*Task objective:* Word for word, print each record, dropping any image it holds.
:: Data excerpts ::
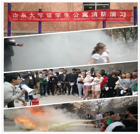 2015年3月山大中心校區(qū)留學(xué)生公寓消防演習(xí),演習(xí)主題:遠(yuǎn)離火災(zāi)、珍愛生命。
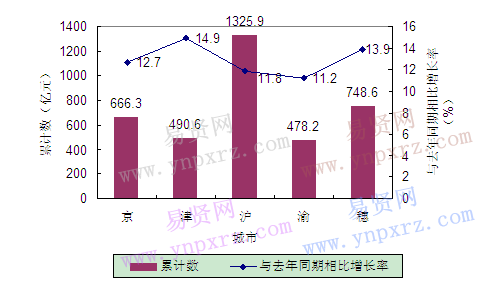 Ⅰ.2003年第一季度五個(gè)城市的GDP總量均實(shí)現(xiàn)了兩位數(shù)增長(zhǎng)
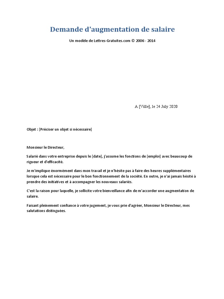 Lettre de demande d'augmentation de salaire - DOC, PDF - page 1 sur 1
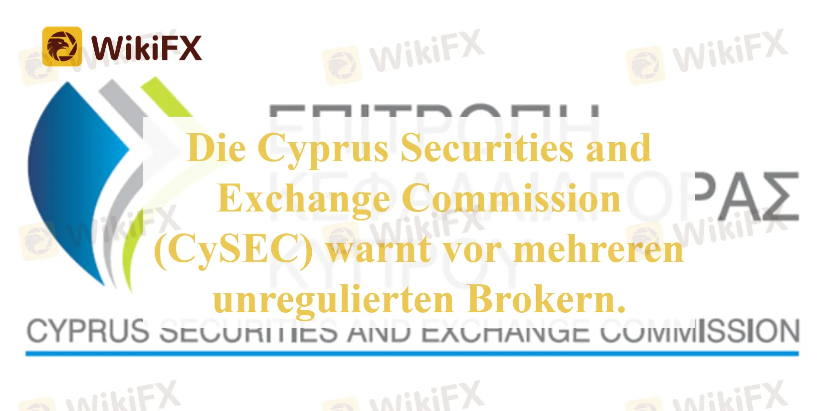 Die Cyprus Securities and Exchange Commission (CySEC) warnt vor mehreren unregulierten Brokern.
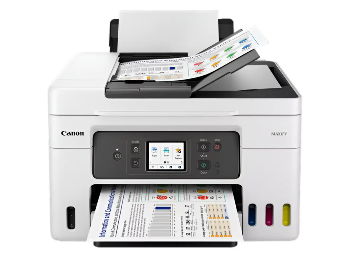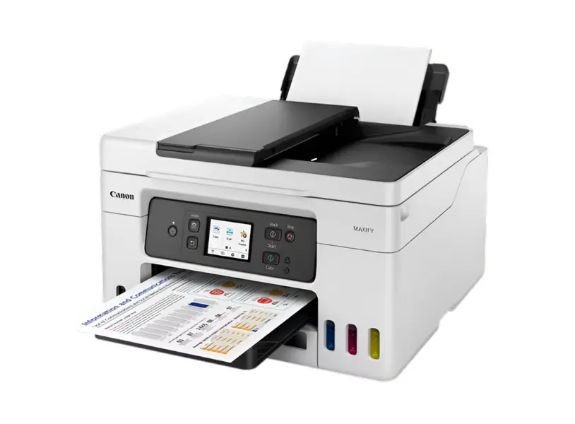 Canon MAXIFY GX4040 არის მულტიფუნქციური ფერადი ინკჯეთ პრინტერი, რომელიც იდეალურია მცირე და საშუალო ოფისებისთვის. იგი აერთიანებს ბეჭდვის, სკანირების, ასლის გადაღებისა და ფაქსის ფუნქციებს ერთ მოწყობილობაში. ბეჭდვის სიჩქარე შეადგენს 18 შ./წთ (შავი) და 13 შ./წთ (ფერადი), რაც ეფექტური სამუშაოს საწინდარია. ინტეგრირებული Wi-Fi, USB და LAN კავშირები უზრუნველყოფს მოქნილობას და მარტივ ქსელურ ინტეგრაციას. პროექტორი იყენებს რეზერვუარებზე დაფუძნებულ მელნის სისტემას, რაც ამცირებს ხარჯს და ზრდის პროდუქтивობას. დიდი ტევადობის ქაღალდის უჯრა და ავტომატური დოკუმენტების მიმწოდებელი კიდევ უფრო ამარტივებს დოკუმენტებთან მუშაობას. თანამედროვე თეთრი დიზაინი შეერწყმება ნებისმიერი ოფისის ინტერიერს.
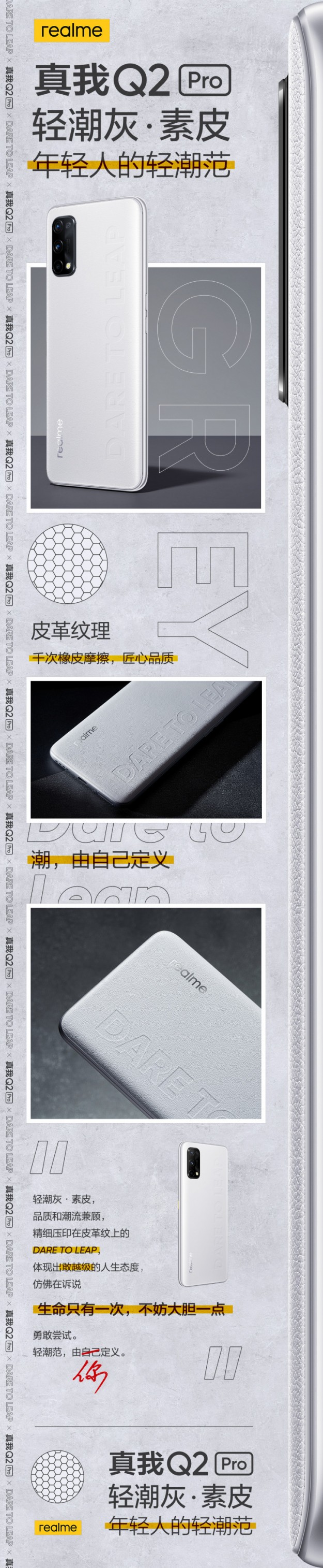 Официальные промо-фото Realme Q2 Pro раскрыли его фишкуНа следующей неделе, помимо премьеры новинок Apple и OnePlus, нас ждет презентация серии Realme Q2. Сегодня китайская компания решила заинтриговать своих поклонников, показав им дизайн модели Q2 Pro. Главное, на что здесь нужно обратить внимание - кожаный (искусственная кожа) задник. На представленных примо-фото мы видим вариант в светло-серых цветах, а на кожаной поверхности можно разглядеть текстурированный слоган бренда Dare To Leap. Здесь же можно убедиться в том, что Realme Q2 Pro получит четверную основную камеру в прямоугольной блоке. Никакие технические подробности пока официально не раскрывались. Презентация состоится 13 октября.
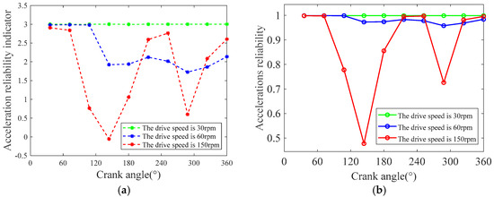 This subsection investigates impact of various drive speeds on dynamic accuracy reliability of multilink mechanisms with mixed clearances. Assuming that clearance values are all 0.2 mm, the driving speeds are set to 30 rpm, 60 rpm, and 150 rpm, respectively. The reliability indices and reliabilities of the slider acceleration are shown in Figure 28.
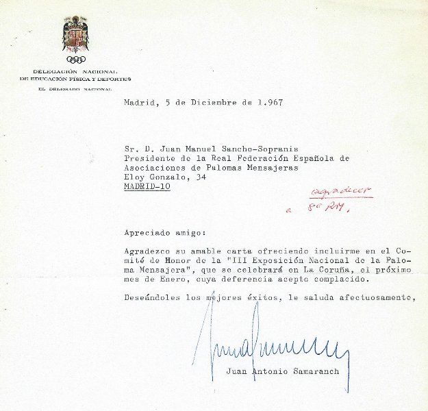Como consecuencia de celebrarse el Congreso Internacional de la Federación Colombófila Internacional en Katowice, Polonia, los días 27, 28 y 29 de enero de 1989, donde tuvo lugar la última Olimpiada Colombófila de ese entonces, se tomó el acuerdo sometido a votación entre las Federaciones Nacionales, de los países miembros de la FCI, de adjudicar a España la celebración de la XXIII Olimpiada Colombófila prevista para el año 1993. Muchas Federaciones nacionales votaron a favor de España en perjuicio de la otra candidatura presentada por los Países Bajos, obteniendo España una victoria en sus votaciones de 16 a 10. Consecuente con ello, la directiva de la Real Federación Colombófila Española presidida por Carlos Márquez Prats, remitió circulares a todas las Federaciones Territoriales con la solicitud de que presentasen candidaturas para realizar esta cita internacional, siendo la fecha tope para recepcionar los proyectos, el 30 de junio de 1989, permitiendo que la asamblea nacional se defina en su reunión a celebrar en Valencia en enero de 1990, con motivo de la cita de la Exposición Nacional de La Paloma Mensajera. Ese mismo año de 1989, la Institución nacional puso en marcha la celebración de un Derby Nacional, aprobado el día 6 de febrero, en asamblea general nacional celebrada en el recinto de La Feria Internacional de Muestras de Asturias. Este Derby nacía con aspiraciones de celebrarse anualmente con tres palomas designadas en nido por cada colombófilo participante, facilitando la RFCE., las anillas especiales y comenzó a celebrarse a partir de 1990, su desarrollo iba parejo a las competiciones sociales y nacionales desarrolladas en todos los Clubes de España. Todas estas noticias sobre tan interesantes proyectos las publiqué en el periódico El Día, el 18 de abril de 1989.
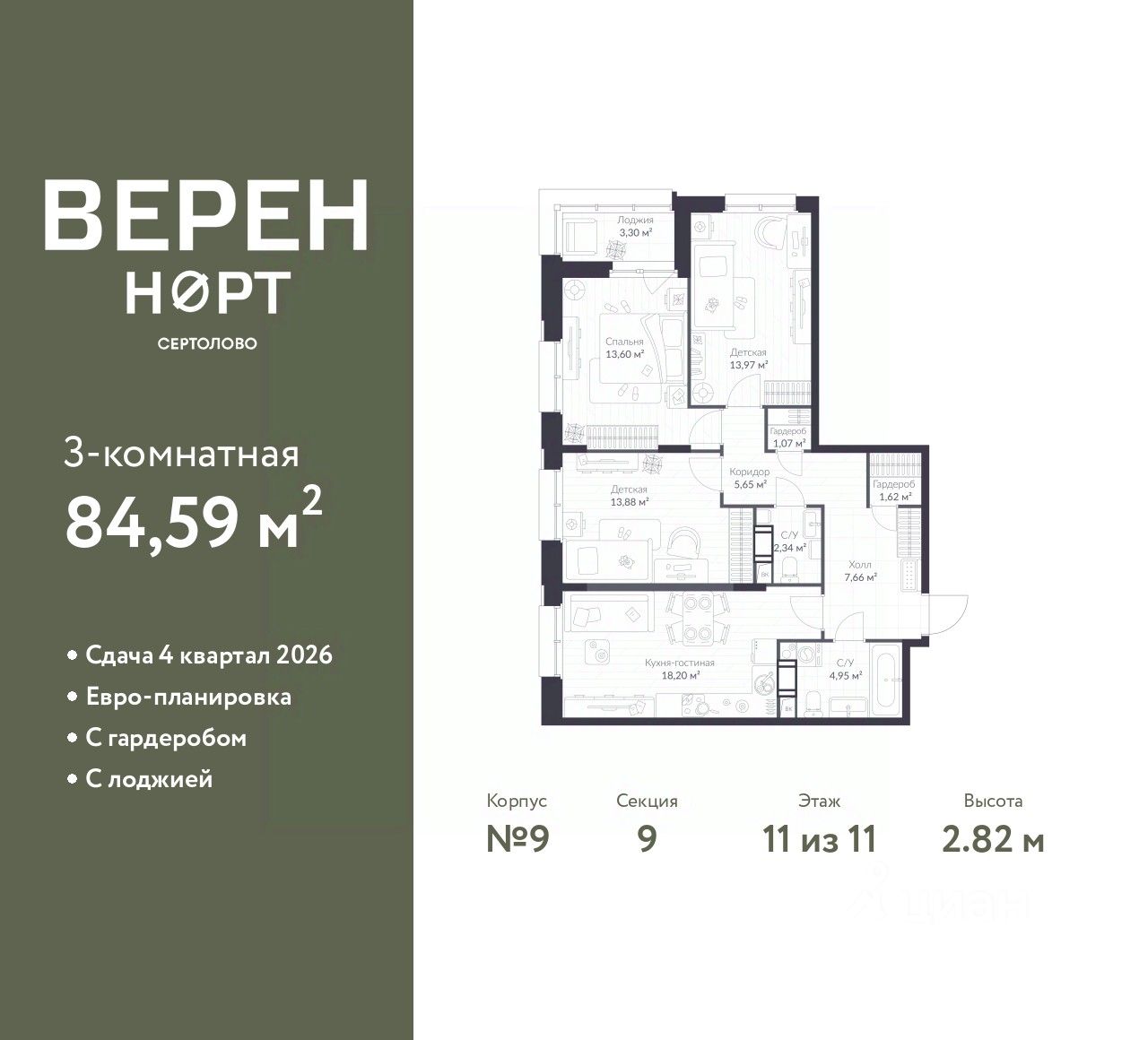 Просторная трехкомнатная квартира в ЖК "Верен Норт Сертолово" на 11 этаже. Квартира без отделки, после получения ключей можно делать ремонт. Общая площадь: 84.59 кв.м., жилая: 41.45 кв.м., площадь просторной куxни-гостиной: 18.2 кв.м. Угловая квартира, идеально подойдет любителям тишины и панорамных видов. В квартире одна лоджия, один совмещенный и один раздельный санузел. Высота потолков 2.82 м.
:::
*Response:*
 2015年3月山大中心校區(qū)留學(xué)生公寓消防演習(xí),演習(xí)主題:遠(yuǎn)離火災(zāi)、珍愛生命。
 Ⅰ.2003年第一季度五個(gè)城市的GDP總量均實(shí)現(xiàn)了兩位數(shù)增長(zhǎng)
 Lettre de demande d'augmentation de salaire - DOC, PDF - page 1 sur 1
 Die Cyprus Securities and Exchange Commission (CySEC) warnt vor mehreren unregulierten Brokern.
 Canon MAXIFY GX4040 არის მულტიფუნქციური ფერადი ინკჯეთ პრინტერი, რომელიც იდეალურია მცირე და საშუალო ოფისებისთვის. იგი აერთიანებს ბეჭდვის, სკანირების, ასლის გადაღებისა და ფაქსის ფუნქციებს ერთ მოწყობილობაში. ბეჭდვის სიჩქარე შეადგენს 18 შ./წთ (შავი) და 13 შ./წთ (ფერადი), რაც ეფექტური სამუშაოს საწინდარია. ინტეგრირებული Wi-Fi, USB და LAN კავშირები უზრუნველყოფს მოქნილობას და მარტივ ქსელურ ინტეგრაციას. პროექტორი იყენებს რეზერვუარებზე დაფუძნებულ მელნის სისტემას, რაც ამცირებს ხარჯს და ზრდის პროდუქтивობას. დიდი ტევადობის ქაღალდის უჯრა და ავტომატური დოკუმენტების მიმწოდებელი კიდევ უფრო ამარტივებს დოკუმენტებთან მუშაობას. თანამედროვე თეთრი დიზაინი შეერწყმება ნებისმიერი ოფისის ინტერიერს.
 Официальные промо-фото Realme Q2 Pro раскрыли его фишкуНа следующей неделе, помимо премьеры новинок Apple и OnePlus, нас ждет презентация серии Realme Q2. Сегодня китайская компания решила заинтриговать своих поклонников, показав им дизайн модели Q2 Pro. Главное, на что здесь нужно обратить внимание - кожаный (искусственная кожа) задник. На представленных примо-фото мы видим вариант в светло-серых цветах, а на кожаной поверхности можно разглядеть текстурированный слоган бренда Dare To Leap. Здесь же можно убедиться в том, что Realme Q2 Pro получит четверную основную камеру в прямоугольной блоке. Никакие технические подробности пока официально не раскрывались. Презентация состоится 13 октября.
 This subsection investigates impact of various drive speeds on dynamic accuracy reliability of multilink mechanisms with mixed clearances. Assuming that clearance values are all 0.2 mm, the driving speeds are set to 30 rpm, 60 rpm, and 150 rpm, respectively. The reliability indices and reliabilities of the slider acceleration are shown in Figure 28.
Como consecuencia de celebrarse el Congreso Internacional de la Federación Colombófila Internacional en Katowice, Polonia, los días 27, 28 y 29 de enero de 1989, donde tuvo lugar la última Olimpiada Colombófila de ese entonces, se tomó el acuerdo sometido a votación entre las Federaciones Nacionales, de los países miembros de la FCI, de adjudicar a España la celebración de la XXIII Olimpiada Colombófila prevista para el año 1993. Muchas Federaciones nacionales votaron a favor de España en perjuicio de la otra candidatura presentada por los Países Bajos, obteniendo España una victoria en sus votaciones de 16 a 10. Consecuente con ello, la directiva de la Real Federación Colombófila Española presidida por Carlos Márquez Prats, remitió circulares a todas las Federaciones Territoriales con la solicitud de que presentasen candidaturas para realizar esta cita internacional, siendo la fecha tope para recepcionar los proyectos, el 30 de junio de 1989, permitiendo que la asamblea nacional se defina en su reunión a celebrar en Valencia en enero de 1990, con motivo de la cita de la Exposición Nacional de La Paloma Mensajera. Ese mismo año de 1989, la Institución nacional puso en marcha la celebración de un Derby Nacional, aprobado el día 6 de febrero, en asamblea general nacional celebrada en el recinto de La Feria Internacional de Muestras de Asturias. Este Derby nacía con aspiraciones de celebrarse anualmente con tres palomas designadas en nido por cada colombófilo participante, facilitando la RFCE., las anillas especiales y comenzó a celebrarse a partir de 1990, su desarrollo iba parejo a las competiciones sociales y nacionales desarrolladas en todos los Clubes de España. Todas estas noticias sobre tan interesantes proyectos las publiqué en el periódico El Día, el 18 de abril de 1989.
 Просторная трехкомнатная квартира в ЖК "Верен Норт Сертолово" на 11 этаже. Квартира без отделки, после получения ключей можно делать ремонт. Общая площадь: 84.59 кв.м., жилая: 41.45 кв.м., площадь просторной куxни-гостиной: 18.2 кв.м. Угловая квартира, идеально подойдет любителям тишины и панорамных видов. В квартире одна лоджия, один совмещенный и один раздельный санузел. Высота потолков 2.82 м.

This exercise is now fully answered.